====== Input ======
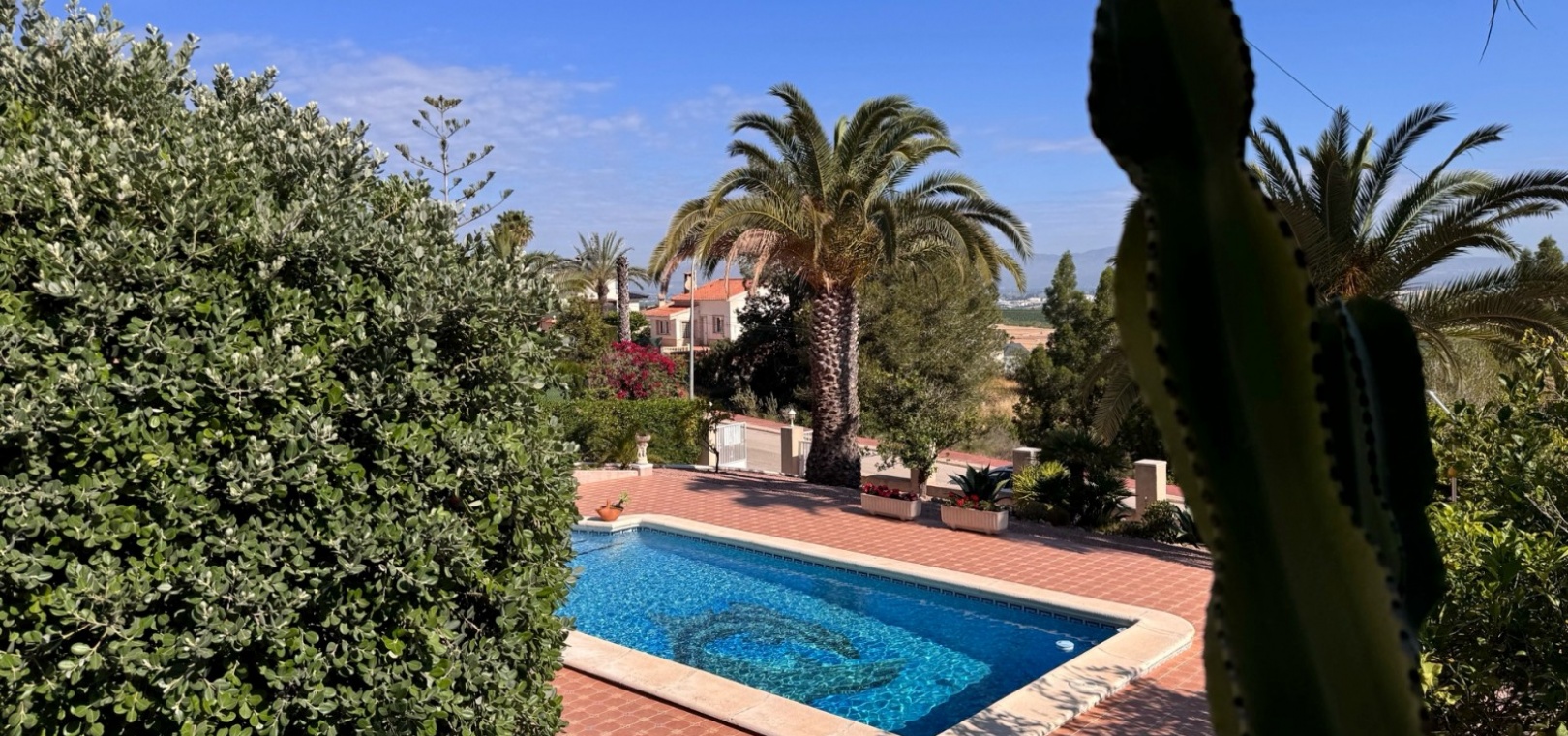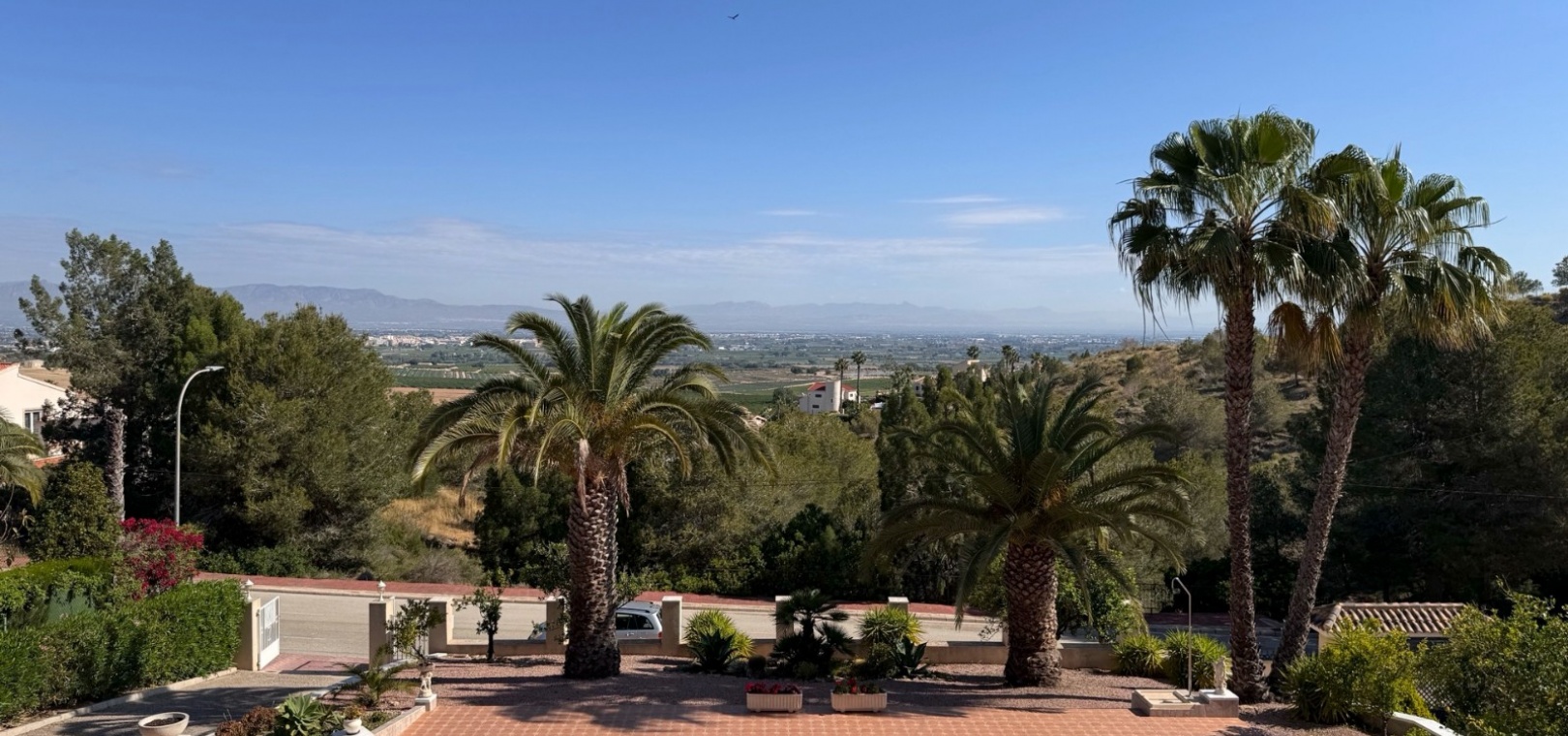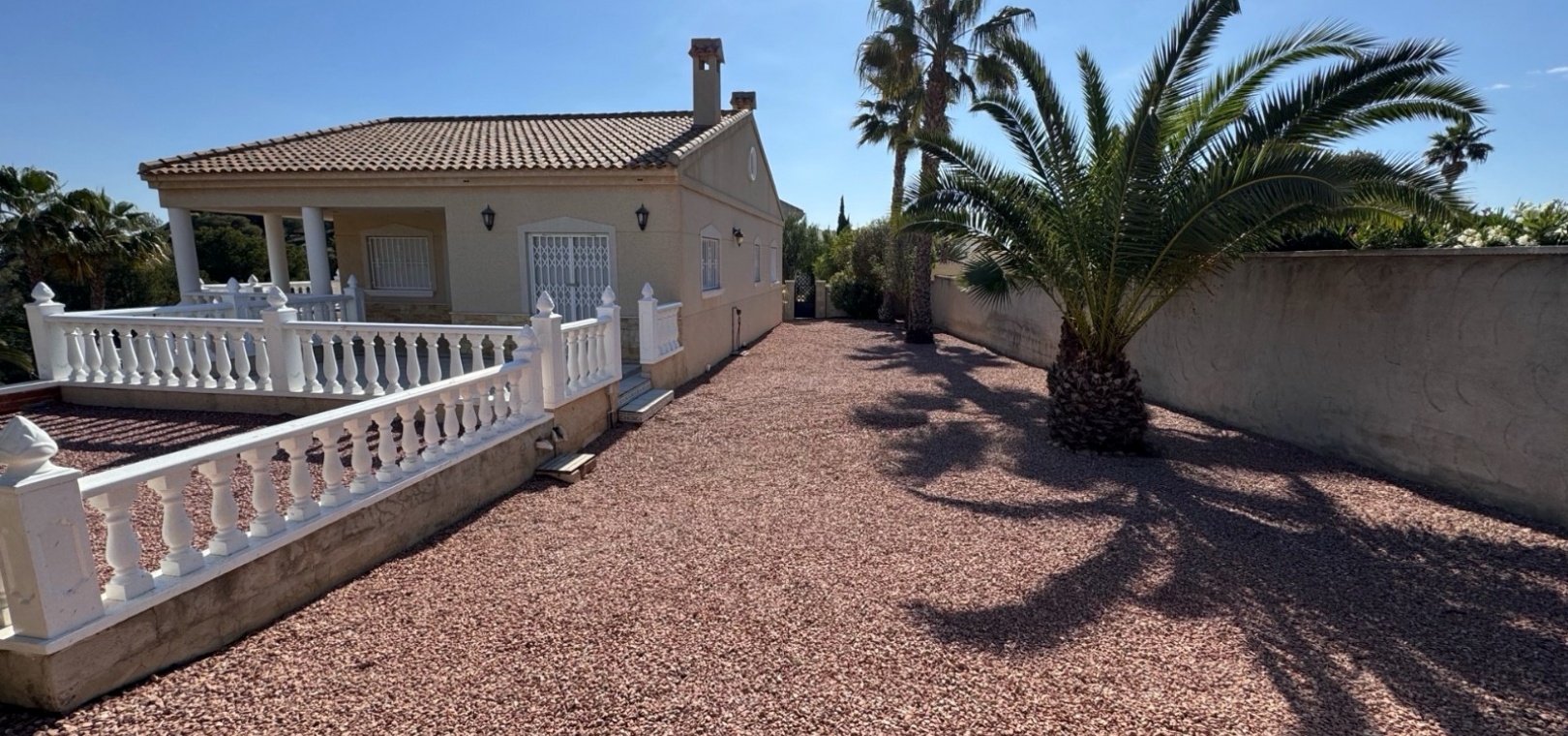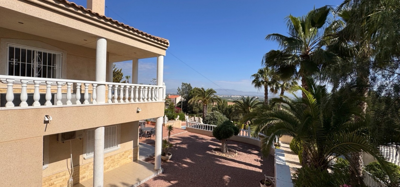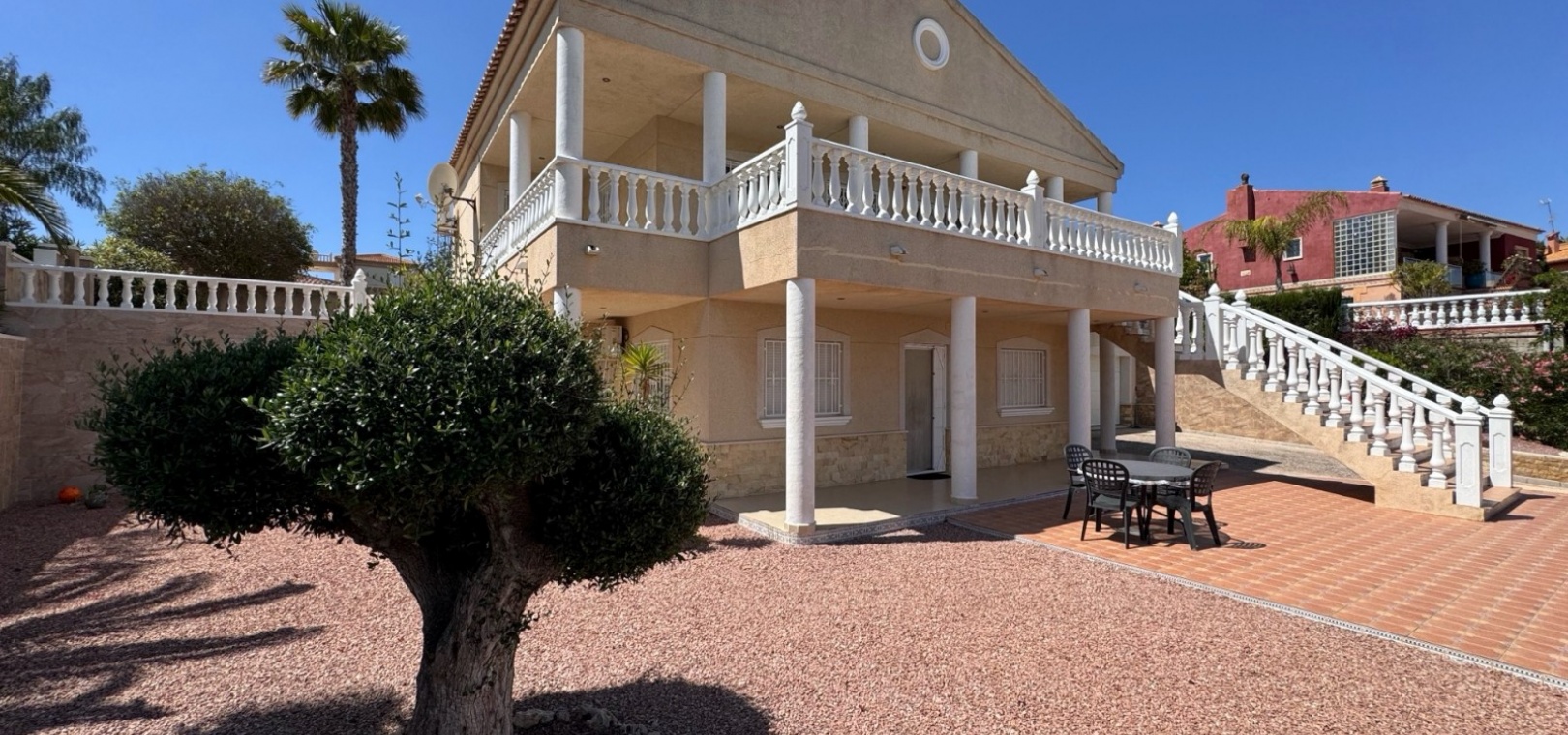 Diese imposante, freistehende Villa mit 216 m², drei Schlafzimmern und einer Wohnfläche von 216 m² befindet sich in Lomas de La Juliana in einer sehr gefragten Wohngegend mit einem Tennisclub am Eingang und dem 5-Sterne-Hotel La Finca, einem Spa und einem Golfplatz direkt vor der Haustür, wo Sie auch eine Vielzahl von Restaurants und Geschäften finden. Die wichtigsten Supermarktketten finden Sie in Almoradi und Benijofar, die nur 5 Autominuten entfernt sind. Die Strände entlang der Küste sind mit dem Auto etwa 20 Minuten entfernt. Dieses außergewöhnliche Haus steht auf einem 1220 m² großen, privaten, landschaftlich gestalteten Grundstück mit der umfassendsten Aussicht, die Sie in der Gegend finden werden. Der Hauptwohnbereich der Villa ist über eine Außentreppe zu einem überdachten Terrassenbereich in L-Form zugänglich, von dem aus Sie in den schönen, hellen Wohnbereich gelangen, der über Schiebetüren und drei Fenstersätze, einen offenen Kamin, eine unglaubliche Einbauküche/Frühstücksraum, ein Doppelschlafzimmer und ein Familienduschbad verfügt. Das Erdgeschoss des Anwesens ist von außen zugänglich und besteht aus einem Wohnzimmer, einem Torbogen zur Einbauküche, einem Badezimmer und zwei Doppelschlafzimmern. Der Garten ist mit Kieselsteinen und Fliesen ausgelegt und hat eine lange Auffahrt, die zu einer Garage und einem Carport führt. Der Poolbereich ist gefliest und von vielen ausgewachsenen Bäumen, Büschen und Palmen umgeben. Zu den Extras gehören Fußbodenheizung im gesamten Erdgeschoss, Klimaanlage, Einbauschränke in allen Schlafzimmern und ein Bewässerungssystem.
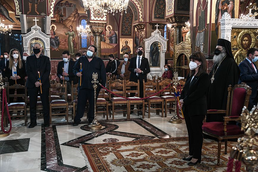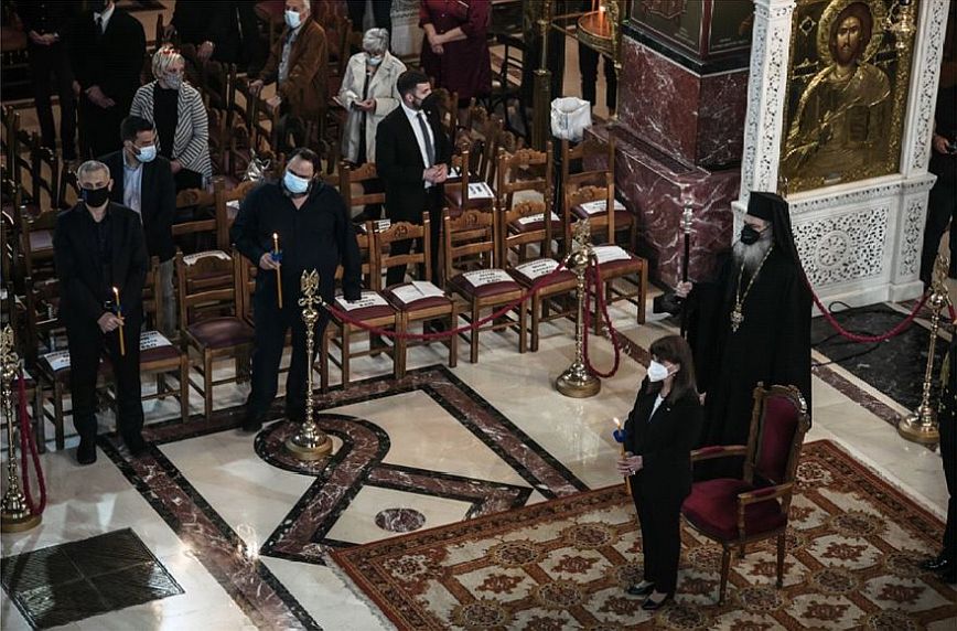 Στον Ιερό Ναό της «Αγίας Τριάδας» στον Πειραιά παρακολούθησε την Ακολουθία του Επιταφίου η Πρόεδρος της Δημοκρατίας, Κατερίνα Σακελλαροπούλου.
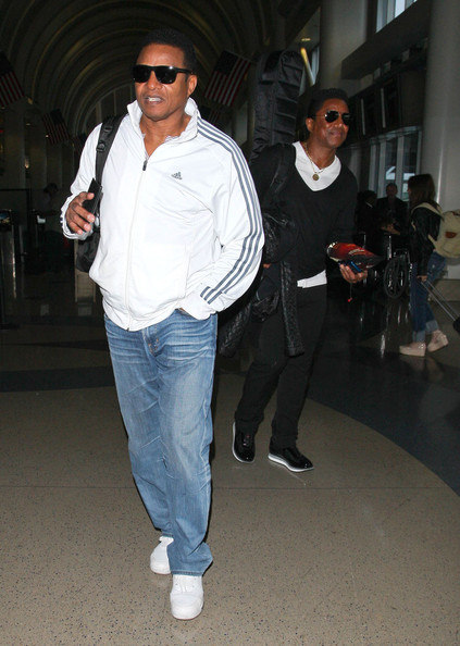 | Братья Майкла Джексона Тито Джексон, Джеки Джексон и Джермейн Джексон, прибывающие на рейс в аэропорту LAX в Лос-Анджелесе, Калифорния, 19 июня 2012 года.
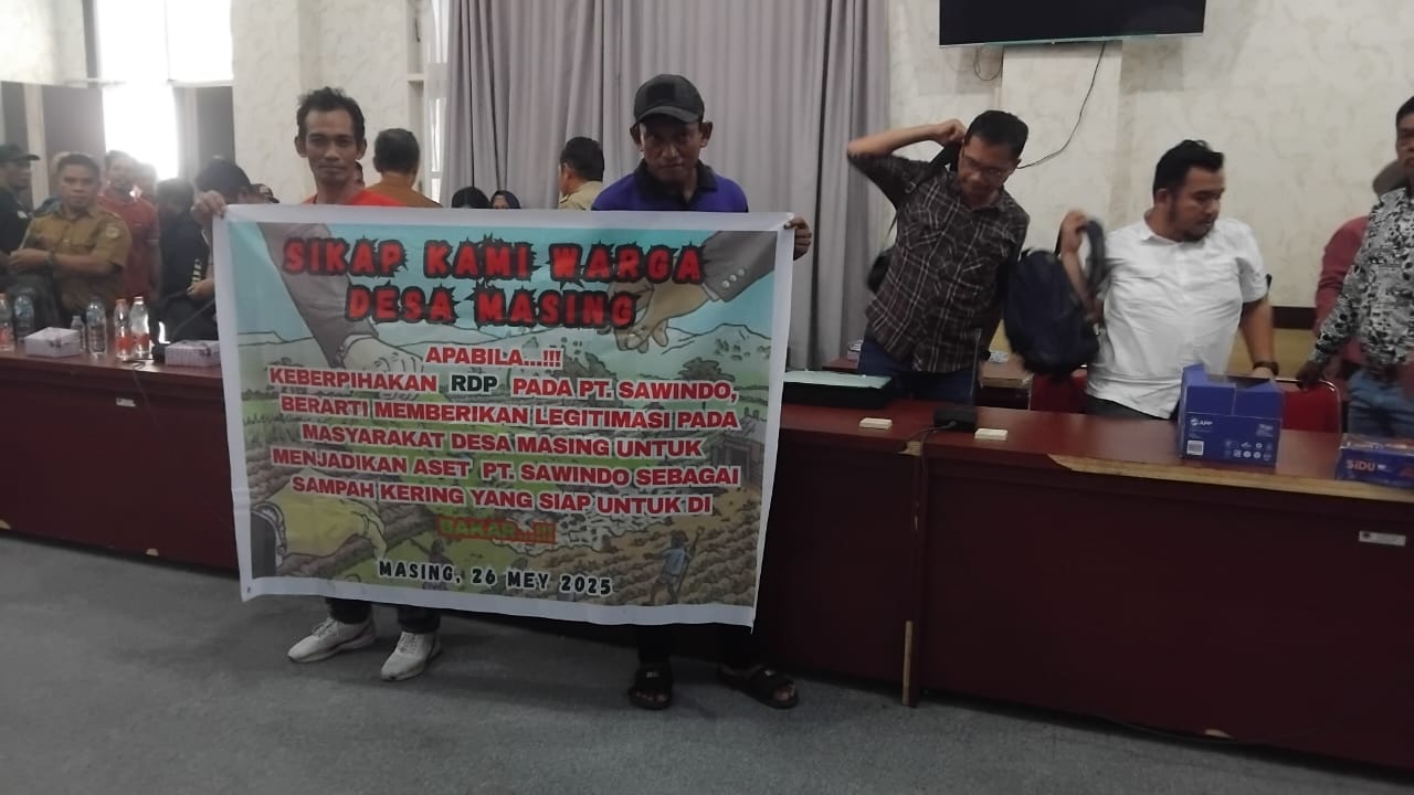 Menariknya, usai rapat digelar, warga memberikan sebuah “hadiah” kepada perwakilan manajemen PT Sawindo Cemerlang. Hadiah tersebut berupa spanduk besar bertuliskan kekecewaan, yang dibentangkan di hadapan pihak perusahaan.
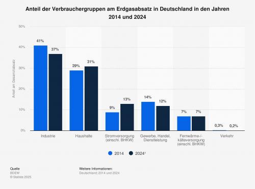 Milliarden kWh, die laut dem Bundesverband der Energie- und Wasserwirtschaft (BDEW) 2024 an Erdgas verbraucht wurden, entfielen etwa 37
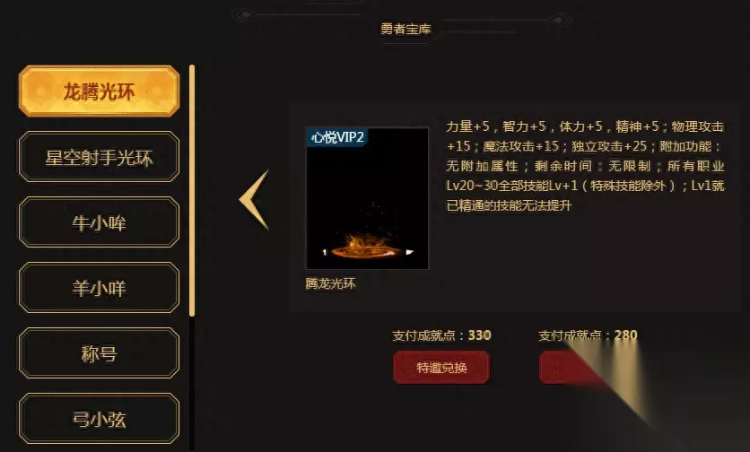 获取的成就点,可以在勇者宝库,根据心悦等级,兑换对应的心悦专属光环,称号和宠物,具体如下所示: 【1】龙腾光环,特邀兑换330点,心悦兑换280点;
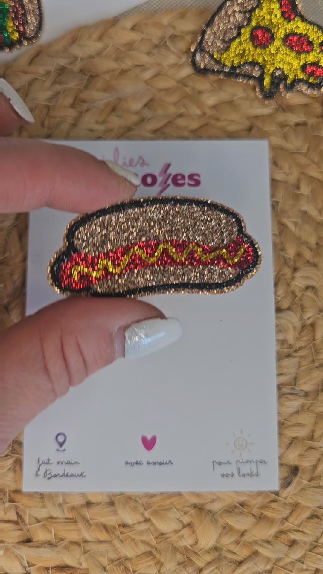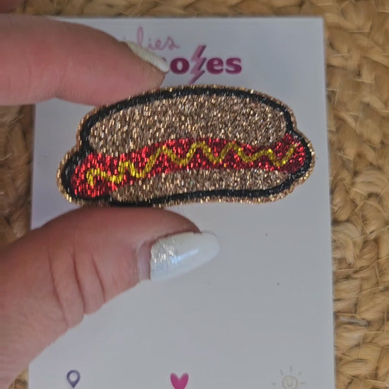 Le pinâs « Hot Dog » est un accessoire pailletĂ© qui apporte une touche de gourmandise et de bonne humeur Ă ton look. IdĂ©al pour les fans de street food ou pour ajouter un petit clin dâĆil rigolo Ă tes tenues !
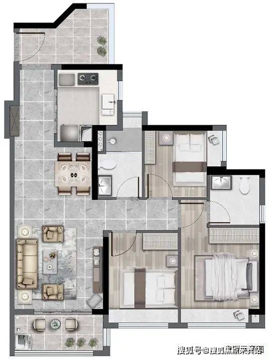 【89㎡3房2厅2卫(横)】多一灵动空间
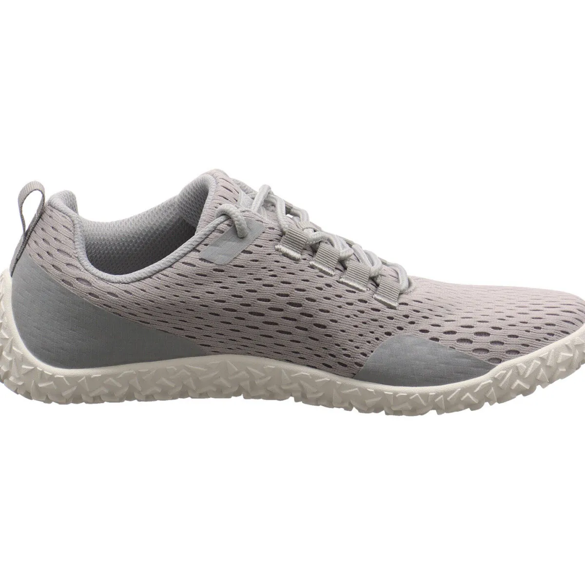 Das textile Obermaterial in Hellgrau ist flexibel und atmungsaktiv und die Innensohle ist herausnehmbar. Damit verfügt der Sneaker über kein Fußbett mehr und vermittelt ein tolles Barefoot Feeling.
======
== Exercise ==
Please output every record above exactly as written, leaving out the pictures.

== Answer below ==
 Diese imposante, freistehende Villa mit 216 m², drei Schlafzimmern und einer Wohnfläche von 216 m² befindet sich in Lomas de La Juliana in einer sehr gefragten Wohngegend mit einem Tennisclub am Eingang und dem 5-Sterne-Hotel La Finca, einem Spa und einem Golfplatz direkt vor der Haustür, wo Sie auch eine Vielzahl von Restaurants und Geschäften finden. Die wichtigsten Supermarktketten finden Sie in Almoradi und Benijofar, die nur 5 Autominuten entfernt sind. Die Strände entlang der Küste sind mit dem Auto etwa 20 Minuten entfernt. Dieses außergewöhnliche Haus steht auf einem 1220 m² großen, privaten, landschaftlich gestalteten Grundstück mit der umfassendsten Aussicht, die Sie in der Gegend finden werden. Der Hauptwohnbereich der Villa ist über eine Außentreppe zu einem überdachten Terrassenbereich in L-Form zugänglich, von dem aus Sie in den schönen, hellen Wohnbereich gelangen, der über Schiebetüren und drei Fenstersätze, einen offenen Kamin, eine unglaubliche Einbauküche/Frühstücksraum, ein Doppelschlafzimmer und ein Familienduschbad verfügt. Das Erdgeschoss des Anwesens ist von außen zugänglich und besteht aus einem Wohnzimmer, einem Torbogen zur Einbauküche, einem Badezimmer und zwei Doppelschlafzimmern. Der Garten ist mit Kieselsteinen und Fliesen ausgelegt und hat eine lange Auffahrt, die zu einer Garage und einem Carport führt. Der Poolbereich ist gefliest und von vielen ausgewachsenen Bäumen, Büschen und Palmen umgeben. Zu den Extras gehören Fußbodenheizung im gesamten Erdgeschoss, Klimaanlage, Einbauschränke in allen Schlafzimmern und ein Bewässerungssystem.
 Στον Ιερό Ναό της «Αγίας Τριάδας» στον Πειραιά παρακολούθησε την Ακολουθία του Επιταφίου η Πρόεδρος της Δημοκρατίας, Κατερίνα Σακελλαροπούλου.
 | Братья Майкла Джексона Тито Джексон, Джеки Джексон и Джермейн Джексон, прибывающие на рейс в аэропорту LAX в Лос-Анджелесе, Калифорния, 19 июня 2012 года.
 Menariknya, usai rapat digelar, warga memberikan sebuah “hadiah” kepada perwakilan manajemen PT Sawindo Cemerlang. Hadiah tersebut berupa spanduk besar bertuliskan kekecewaan, yang dibentangkan di hadapan pihak perusahaan.
 Milliarden kWh, die laut dem Bundesverband der Energie- und Wasserwirtschaft (BDEW) 2024 an Erdgas verbraucht wurden, entfielen etwa 37
 获取的成就点,可以在勇者宝库,根据心悦等级,兑换对应的心悦专属光环,称号和宠物,具体如下所示: 【1】龙腾光环,特邀兑换330点,心悦兑换280点;
 Le pinâs « Hot Dog » est un accessoire pailletĂ© qui apporte une touche de gourmandise et de bonne humeur Ă ton look. IdĂ©al pour les fans de street food ou pour ajouter un petit clin dâĆil rigolo Ă tes tenues !
 【89㎡3房2厅2卫(横)】多一灵动空间
 Das textile Obermaterial in Hellgrau ist flexibel und atmungsaktiv und die Innensohle ist herausnehmbar. Damit verfügt der Sneaker über kein Fußbett mehr und vermittelt ein tolles Barefoot Feeling.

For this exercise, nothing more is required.